-- Data shown --
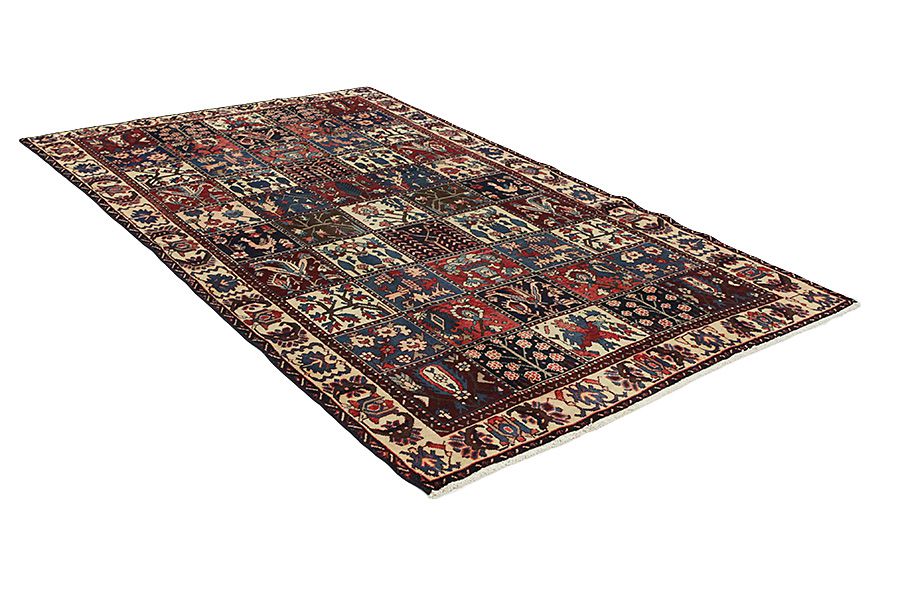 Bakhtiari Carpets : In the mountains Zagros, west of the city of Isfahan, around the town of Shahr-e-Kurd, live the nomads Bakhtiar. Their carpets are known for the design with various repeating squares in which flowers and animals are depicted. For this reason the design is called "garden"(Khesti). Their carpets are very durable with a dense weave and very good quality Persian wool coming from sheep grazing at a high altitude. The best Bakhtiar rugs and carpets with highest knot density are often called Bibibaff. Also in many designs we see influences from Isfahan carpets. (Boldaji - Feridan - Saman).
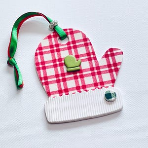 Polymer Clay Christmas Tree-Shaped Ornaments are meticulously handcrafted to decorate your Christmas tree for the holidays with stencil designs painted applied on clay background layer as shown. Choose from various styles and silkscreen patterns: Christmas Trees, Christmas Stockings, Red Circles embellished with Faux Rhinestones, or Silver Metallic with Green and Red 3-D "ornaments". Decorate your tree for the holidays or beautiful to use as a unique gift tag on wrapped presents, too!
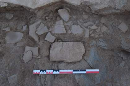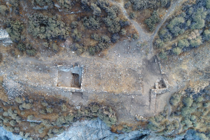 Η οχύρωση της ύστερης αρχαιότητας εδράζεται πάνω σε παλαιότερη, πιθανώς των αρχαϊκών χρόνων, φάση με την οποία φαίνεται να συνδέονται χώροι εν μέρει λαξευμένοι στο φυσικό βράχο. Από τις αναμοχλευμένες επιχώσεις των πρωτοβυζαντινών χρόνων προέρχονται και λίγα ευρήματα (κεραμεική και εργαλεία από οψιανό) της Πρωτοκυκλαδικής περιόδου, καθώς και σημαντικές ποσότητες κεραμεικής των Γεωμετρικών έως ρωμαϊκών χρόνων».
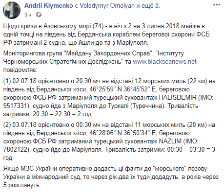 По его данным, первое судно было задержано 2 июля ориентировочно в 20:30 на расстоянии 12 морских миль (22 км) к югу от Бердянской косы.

-- What is being asked --
The range to set down runs from the line containing "Η οχύρωση της" through the final line of the data, both ends included; give it exactly and drop the pictures.

-- Your response --
 Η οχύρωση της ύστερης αρχαιότητας εδράζεται πάνω σε παλαιότερη, πιθανώς των αρχαϊκών χρόνων, φάση με την οποία φαίνεται να συνδέονται χώροι εν μέρει λαξευμένοι στο φυσικό βράχο. Από τις αναμοχλευμένες επιχώσεις των πρωτοβυζαντινών χρόνων προέρχονται και λίγα ευρήματα (κεραμεική και εργαλεία από οψιανό) της Πρωτοκυκλαδικής περιόδου, καθώς και σημαντικές ποσότητες κεραμεικής των Γεωμετρικών έως ρωμαϊκών χρόνων».
 По его данным, первое судно было задержано 2 июля ориентировочно в 20:30 на расстоянии 12 морских миль (22 км) к югу от Бердянской косы.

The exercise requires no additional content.